La question cruciale qui se pose désormais est de savoir si l’humanité parviendra à surmonter ce syndrome du progrès et à s’adapter harmonieusement à ce nouveau paradigme. Notre conscience, cette faculté unique qui nous distingue, pourrait être la clé de cette adaptation.
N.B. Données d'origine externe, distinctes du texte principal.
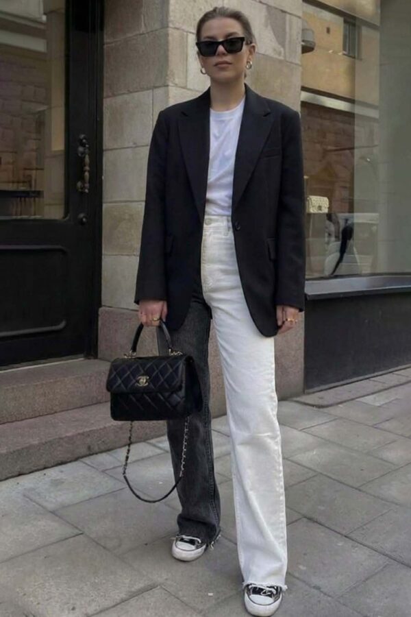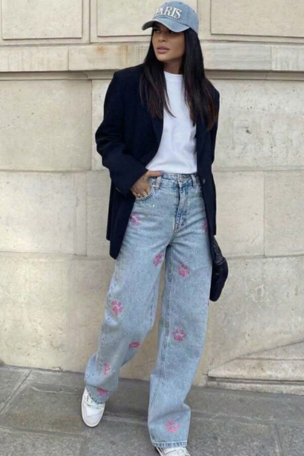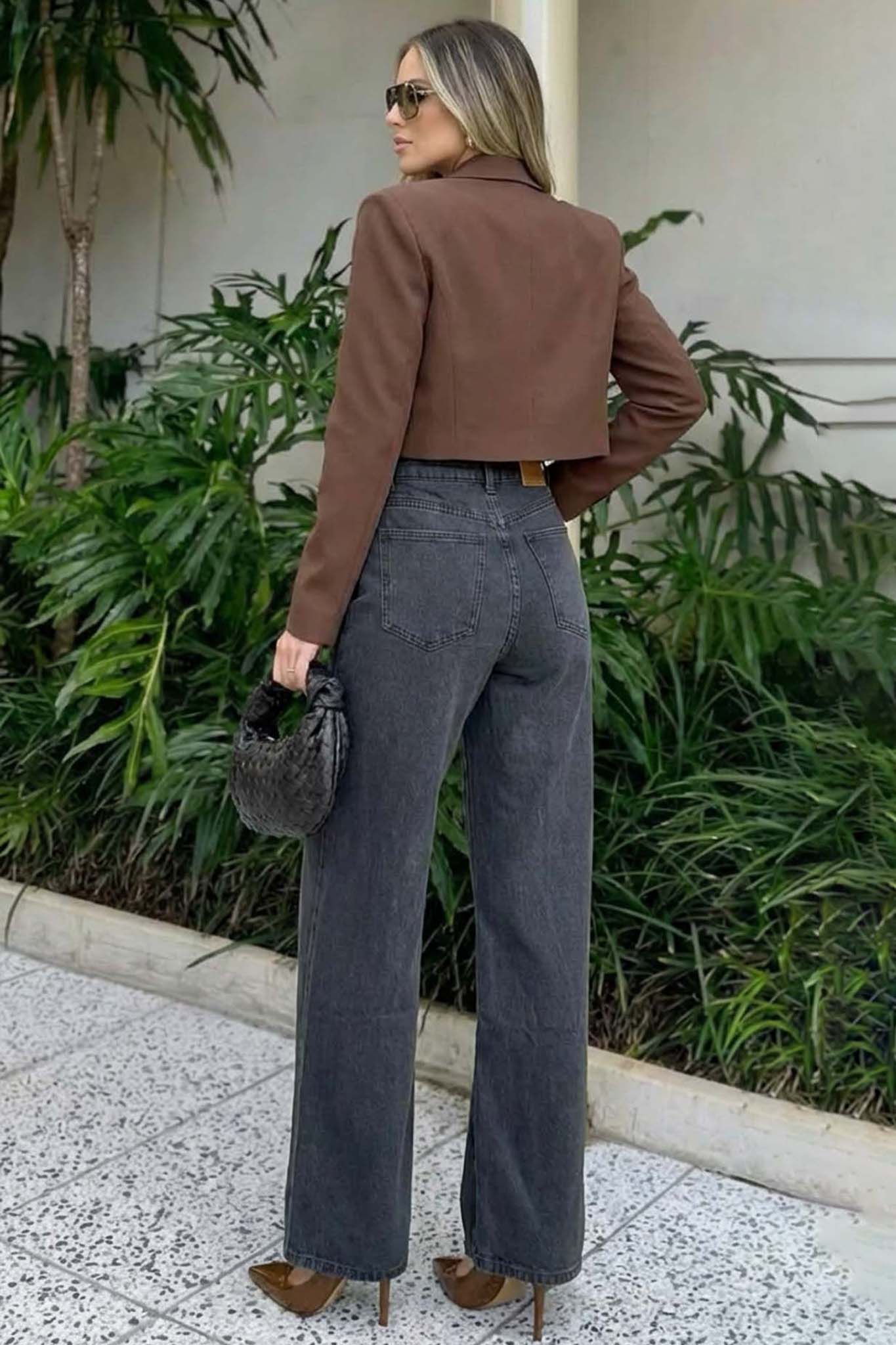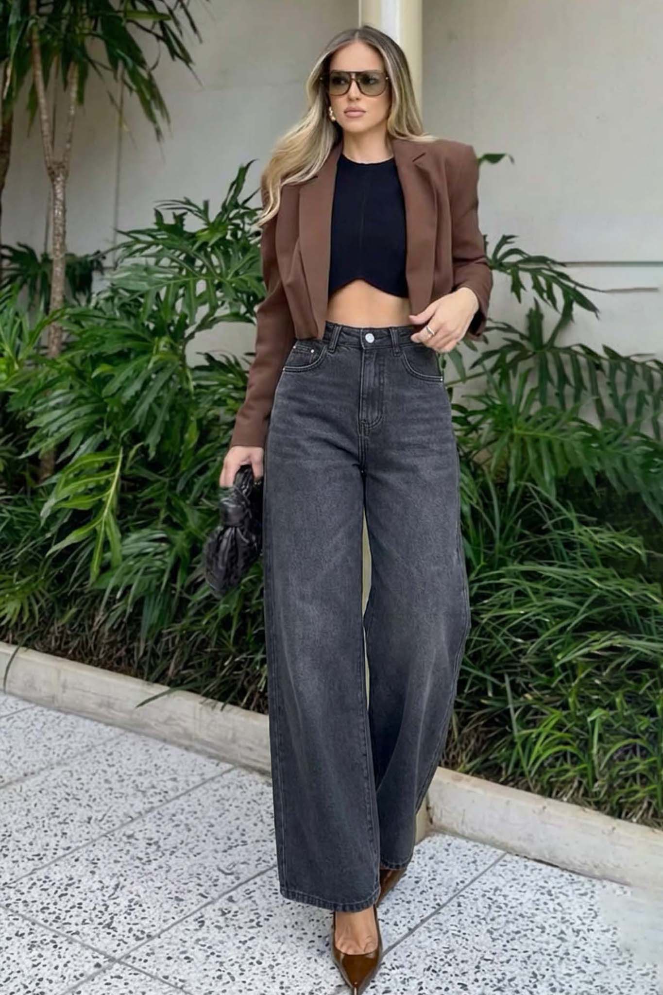 Ψηλόμεσο τζιν με φαρδιά γραμμή προσφέρει άνεση και μοντέρνο στυλ, αγκαλιάζοντας τη μέση και χαρίζοντας μια κολακευτική σιλουέτα. Η σκούρα γκρι/ανθρακί απόχρωση είναι ευκολοσυνδύαστη και ιδανική για όλες τις εποχές.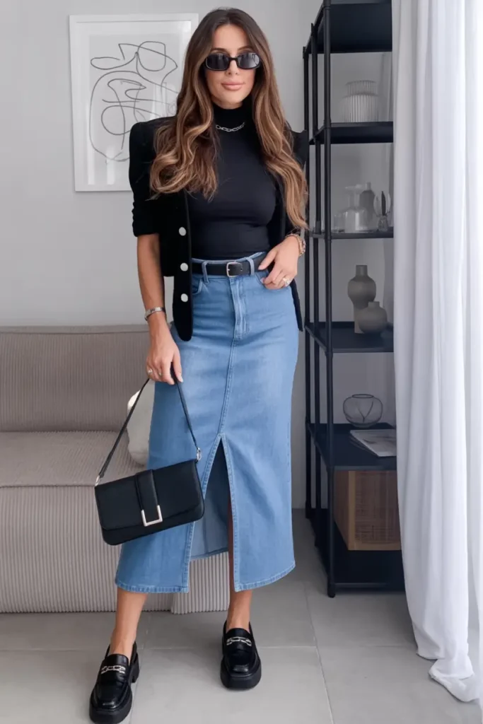 The strength of this outfit lies in its contrast between fabric textures and tailored structure. A high-waisted denim midi elongates the silhouette, especially when paired with a tucked-in black knit or blouse. Layering with a tailored black blazer enhances sharpness and ensures the ensemble remains business casual rather than weekend casual. Choosing darker denim tones keeps the look polished, while straight or A-line cuts maintain clean proportions. Accessories should remain refined and minimal to allow the contrast between denim and black tailoring to stand out. This combination demonstrates how classic wardrobe staples can be reimagined for contemporary professional settings without sacrificing elegance or comfort.

Cependant, si l’instinct animal profondément ancré en nous devait l’emporter, nous pourrions assister à un phénomène sans précédent : un rejet massif du progrès, entraînant une période de décroissance volontaire.
Un tel scénario marquerait une rupture fondamentale dans l’histoire du vivant, qui n’a cessé d’évoluer vers une complexité croissante depuis des milliards d’années. Le défi qui se présente à nous est donc de taille : réussir à concilier notre nature biologique avec notre environnement technologique, tout en atténuant les effets du syndrome du progrès. C’est dans notre capacité à relever ce défi que réside peut-être l’avenir de notre espèce et la prochaine étape de notre évolution.